Récemment, la Cour de cassation a pris le soin de rappeler le moment où s’opère le transfert des risques dans une vente en ligne. La Haute juridiction précise que tant que l’acheteur n’a pas pris physiquement possession des biens achetés sur Internet, le vendeur demeure responsable. De plus, l’indemnisation forfaitaire par le transporteur de la perte du colis ne dégage pas le vendeur de sa responsabilité. (Cass. 1ère civ., 3 févr. 2021, n°19-21-046). 

Il appartient donc au vendeur professionnel de rembourser l’acheteur consommateur du colis perdu ou d’envoyer à nouveau l’objet commandé. Le cas échéant, l’acheteur consommateur dont le colis a été perdu pourra engager la responsabilité contractuelle du vendeur professionnel pour manquement à ses obligations contractuelles et obtenir des dommages interêts.
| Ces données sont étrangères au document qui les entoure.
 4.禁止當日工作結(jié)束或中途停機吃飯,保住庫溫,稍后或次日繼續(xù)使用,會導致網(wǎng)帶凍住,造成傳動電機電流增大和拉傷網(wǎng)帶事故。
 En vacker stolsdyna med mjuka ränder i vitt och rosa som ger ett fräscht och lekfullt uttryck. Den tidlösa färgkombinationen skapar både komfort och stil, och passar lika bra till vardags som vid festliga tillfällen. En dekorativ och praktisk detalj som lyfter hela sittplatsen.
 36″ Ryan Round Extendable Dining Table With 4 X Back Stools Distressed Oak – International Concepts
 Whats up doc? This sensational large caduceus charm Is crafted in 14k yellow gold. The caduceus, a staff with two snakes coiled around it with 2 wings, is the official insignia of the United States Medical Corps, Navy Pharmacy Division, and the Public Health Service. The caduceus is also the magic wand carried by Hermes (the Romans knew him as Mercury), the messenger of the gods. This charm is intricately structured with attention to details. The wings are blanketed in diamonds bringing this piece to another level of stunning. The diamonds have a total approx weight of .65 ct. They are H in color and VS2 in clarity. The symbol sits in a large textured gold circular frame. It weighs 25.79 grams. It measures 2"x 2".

De surcroit, le transporteur ne peut être considéré comme un tiers au contrat, de sorte que le vendeur ne pourra s’exonérer de sa responsabilité contractuelle en cas de perte ou de détérioration de la chose en démontrant le fait de ce tiers. (Cass. 1re civ., 13 nov. 2008, n° 07-14.856).
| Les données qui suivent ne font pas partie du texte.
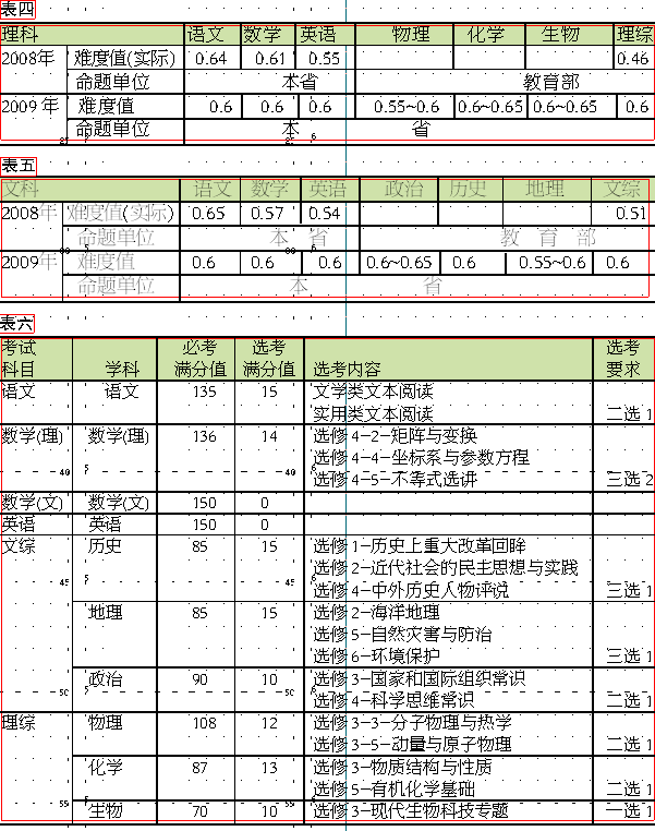 课改后首次高考,许多考生担心新考点(新知识点)、新考法、新要求等。因此,2008年各批次招生都“爆满”,才出现今年复读生剧减的情况。教育部、省教育厅提出的“稳字挂帅”、“平稳过渡”要求,为课改后的高考命题指明了方向。“平稳过渡”中的“过渡”体现在高考试卷上,最主要是试题分为必考题和选考题。例如,语文、理科数学、物理、化学、政治、历史、地理等学科均设有2~3题选考题(见表六)。“平稳”则防止试卷难易大起大落,要求同学科的选考题难度值相同或相近,防止倚轻倚重,因此选考题的难度值比较适中,各地市的质检试卷也证明了这一点,许多一般校的考生都有分可得。这些对广大考生是有利的,而且也有利于促进选考模块的教学。
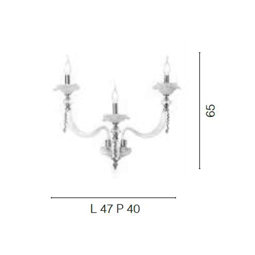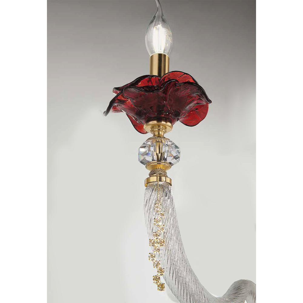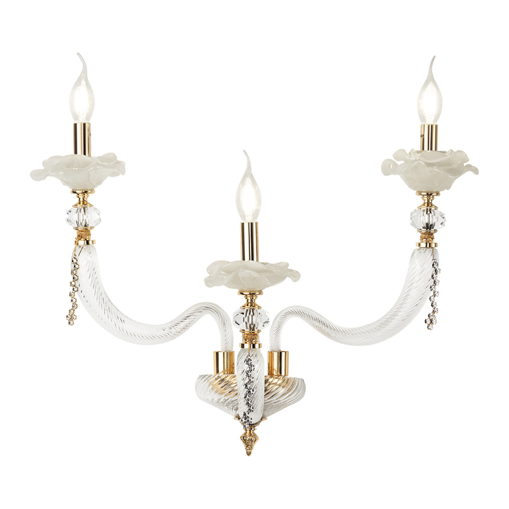 Handgjord 3-ljus vägglampa i blåst glas och blomsterdekorationer, italiensk lyx.

Colis endommagé : que faire ? 

Le transfert des risques ne s’opérant qu’à partir du moment où l’acheteur consommateur a pris physiquement possession du colis, celui ci peut refuser d’en prendre possession s’il s’avère endommagé. 
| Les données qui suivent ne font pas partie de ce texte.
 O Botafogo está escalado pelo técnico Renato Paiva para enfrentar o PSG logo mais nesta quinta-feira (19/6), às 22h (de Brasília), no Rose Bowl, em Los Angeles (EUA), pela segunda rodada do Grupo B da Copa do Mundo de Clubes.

Pour ce faire, l’acheteur consommateur peut ne pas signer le bon de livraison et refuser la marchandise. Il est ensuite possible de mettre en demeure le vendeur par lettre recommandée de livrer un produit non endommagé. Les frais de retour et d’envoi devant rester à la charge du professionnel. 

En effet, le vendeur professionnel n’est pas simplement lié à une obligation de délivrance (supposant le dépôt du colis jusqu’au transporteur) mais d’une obligation de livraison (supposant la remise du colis dans les mains de l’acheteur). En conséquence, si le colis a été endommagé par le transporteur choisi par le vendeur, c’est à lui de se retourner contre ce dernier.

En définitive, le contrat de vente en ligne peut positionner l’acheteur consommateur dans une situation délicate lorsque des problèmes inhérents à la livraison de son colis surviennent. Néanmoins, celui-ci dispose davantage de droits issus du Code de la consommation qu’il est indispensable de connaitre pour les revendiquer. En payant pour un service, chacun a le droit à ce que ce dernier soit exécuté correctement.